Dernier point. Bien entendu, tous ceux qui sont dans cette salle luttent pour le même objectif : la régularisation de tous les sans-papiers avec carte de 10 ans, et notre combat ne prendra fin que quand cet objectif sera atteint. Mais nous n'avons jamais été des partisans du tout ou rien, et nous avons toujours saisi les possibilités qui se présentaient grâce à nos luttes de remporter des victoires partielles, étapes vers la victoire finale. C'est ce que nous avons fait en 2006 avec les familles d'enfants scolarisés, c'est ce que nous faisons cette année avec le travail. Une brèche a été ouverte ; le gouvernement voudrait bien la refermer, et c'est pourquoi il cherche à gagner du temps, et à faire pourrir la situation. A nous au contraire d'élargir cette brèche, et d'y faire rentrer, après les grévistes d'aujourd'hui, tous les isolés, tous ceux qui sont payés de la main à la main, en liquide, à la commande ou à la journée. Car tous les sans-papiers sont des travailleurs et si on régularise sur la base du travail alors il faudra bien que tous les travailleurs sans-papiers soient régularisés. »
4 Au nom de quoi la grève des travailleurs est-elle légitime ? La plupart des orateurs ont souligné qu’en rentrant en grève les sans papiers ont fait la preuve qu’ils sont des travailleurs comme les autres, même s’ils sont les plus exploités. Il est juste de dénoncer l’hypocrisie d’un gouvernement qui prétend lutter contre un travail dont il tire profit (impôts, cotisations sociales) et qui fait fonctionner, comme celui des autres travailleurs, l’économie de ce pays. Mais cela ne justifie pas de fonder la légitimité de la régularisation par le risque que “ fait courir le licenciement massif de sans papiers à certaines branches qui sont assises sur le travail des sans papiers ”, comme s'en préoccupe Francine Blanche, et d'ailleurs aussi l'UCIJ. En conséquence donc, la régularisation devient pour elle la “ seule solution réaliste pour l’économie et les travailleurs ”. Nous sommes avec les travailleurs sans papiers, parce que la régularisation des sans papiers et l’égalité des droits entre tous les travailleurs sont dans l’intérêt de la classe ouvrière toute entière dans sa lutte contre la bourgeoisie, et pas pour défendre “ notre économie ”.

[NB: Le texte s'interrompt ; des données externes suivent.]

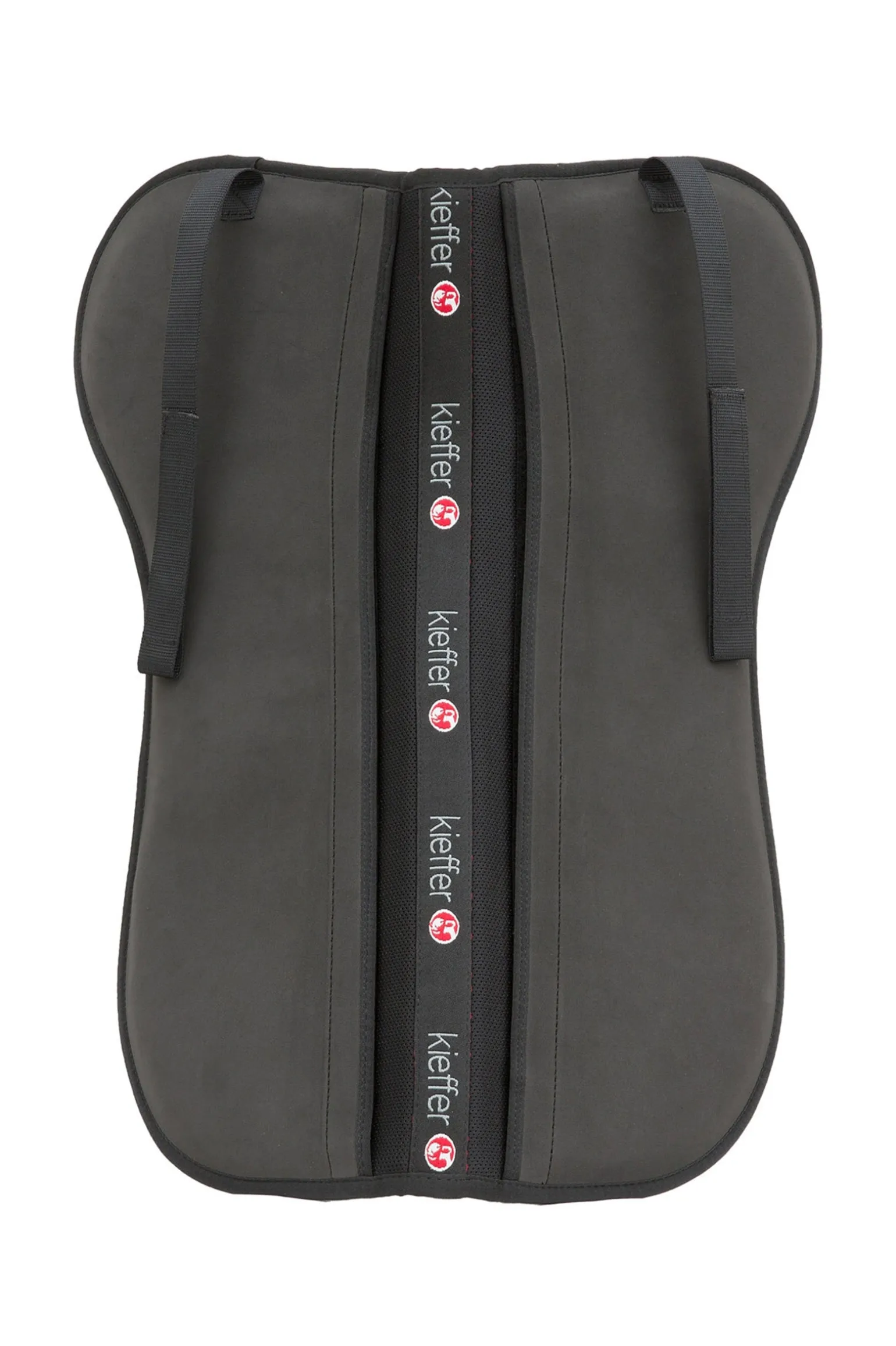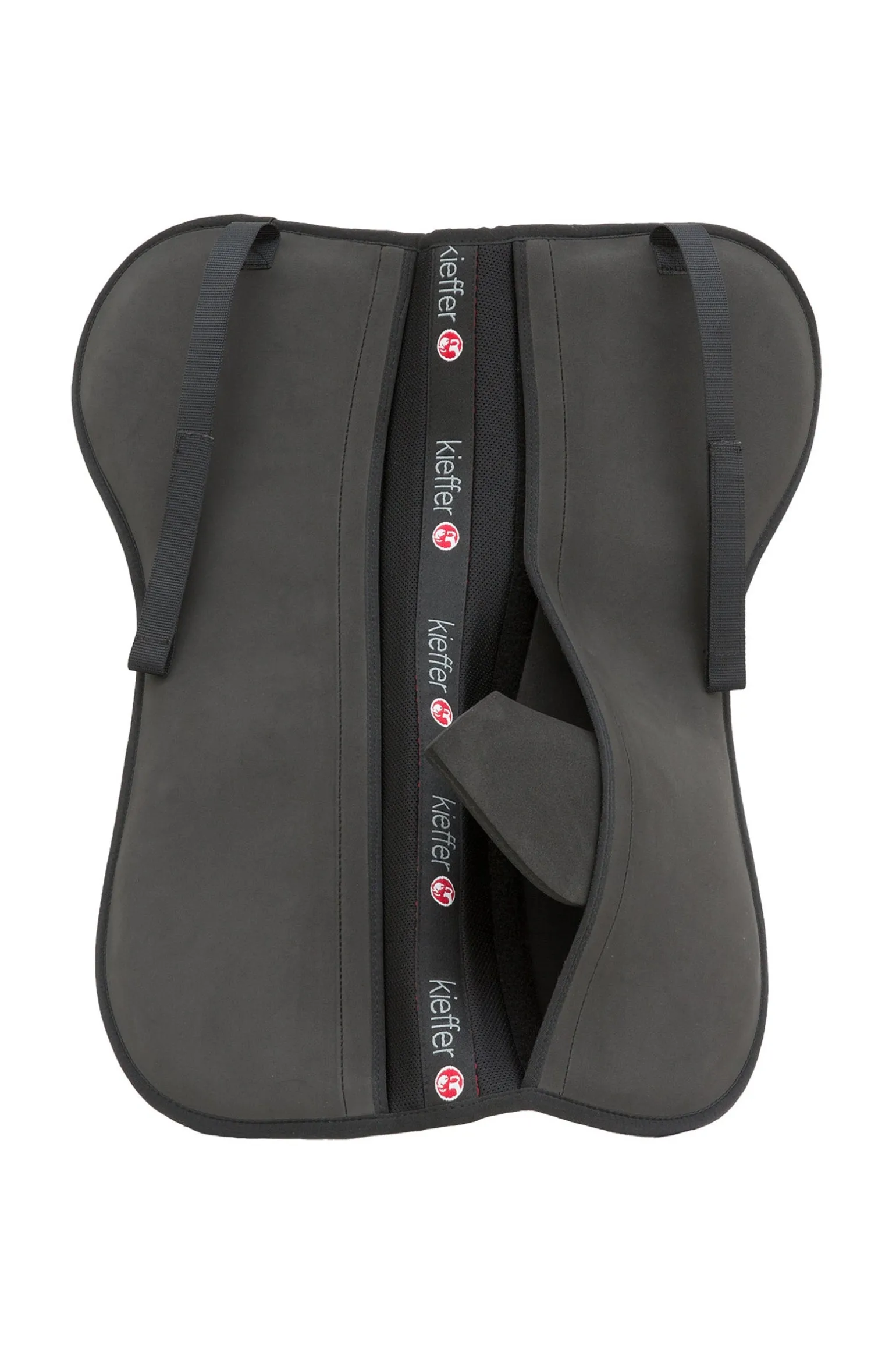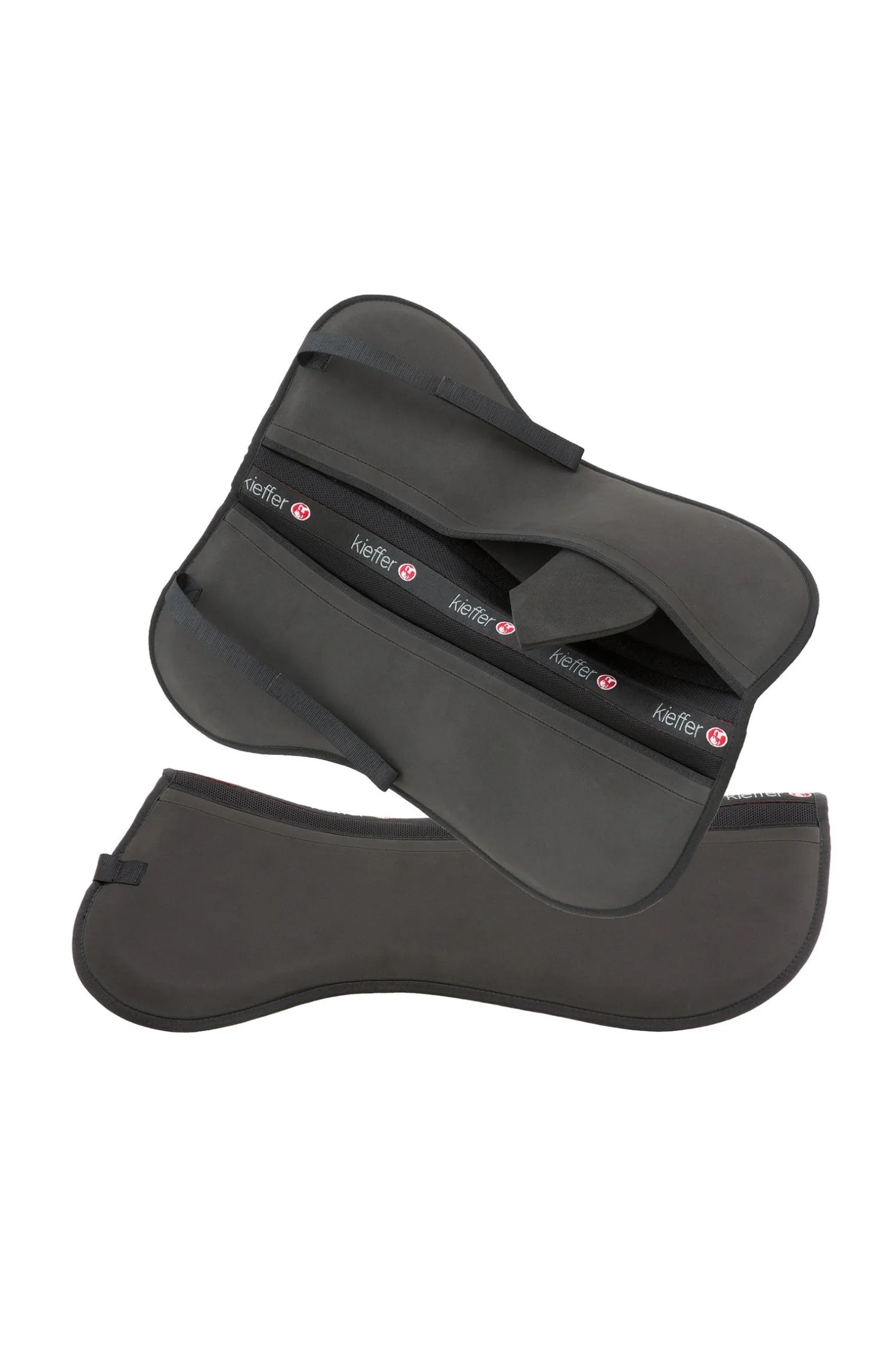 Mit Hilfe des neuen Sattel-Ausgleichspad Air-Tex von Kieffer lassen sich trainings- oder saisonbedingte Defizite in der Sattellage korrigieren. Durch Einlagepads für den vorderen, mittleren und hinteren Bereich kann schnell und unkompliziert auf Passformprobleme reagiert werden. Wenn das Sattelkissen beispielsweise im hinteren Bereich zu flach ist, kann über die integrierten Einschubtaschen des Pads der hintere Bereich durch die flexiblen Einlagen aus Moosgummi angehoben werden. Wird eine Anhebung im vorderen Bereich benötigt um ein muskuläres Defizit auszugleichen, kann das Pferd unter dem weichen Schaum die Muskulatur uneingeschränkt aufbauen. Sobald sich der Muskel aufgebaut hat und der Schwerpunkt wieder nach hinten rutscht, kann die Einlage wieder entnommen und das Pad als normales Sattelpad weiterverwendet werden. Für einen guten Tragekomfort sorgt der anatomische Schnitt des Pads mit freiem Wirbelkanal. Das bewährte Air-Tex Material ist zudem sehr atmungsaktiv und zeichnet sich durch seine Robustheit und eine schnelle Trocknung aus. Der Einsatz des Ausgleichspad Air-Tex empfiehlt sich auch bei Sätteln, die konstruktionsbedingt das benötigte Volumen allein durch Polstern nicht mehr erreichen können.

5 La CGT à l’offensive avec les sans papiers ? Premier étonnement : que l’UD CGT 75 qui appelle au meeting ne prenne pas la parole ? Deuxième étonnement le consensus quant au soutien unanime de la CGT. Francine Blanche lit en conclusion de la réunion un message de Bernard Thibault qui assure les sans papiers de l’investissement résolu de la CGT “ à leur coté pour leurs revendications et régularisation. Le gouvernement doit accélérer la régularisation ”. Troisième étonnement : quant à l’engagement de la CGT. Francine Blanche se félicite de l’engagement des militants qui se donnent à fond pour le soutien. Cela est vrai. Mais il ressort de son intervention qui égraine les prénoms de tous les militants engagés dans le soutien que c’était un effort porté par des camarades qui se donnent à fond, et bien peu celui, collectif, des structures syndicales ou des directions syndicales. Le message “ sympathique ” de Bernard Thibault n’y change pas grand chose. Ni la présentation qu'en fait Raymond Chaveau dans une récente interview au Monde, où il reconnait l'énorme pression des sans-papiers pour un développement de la lutte, mais aussi implicitement les freins dans la Confédération.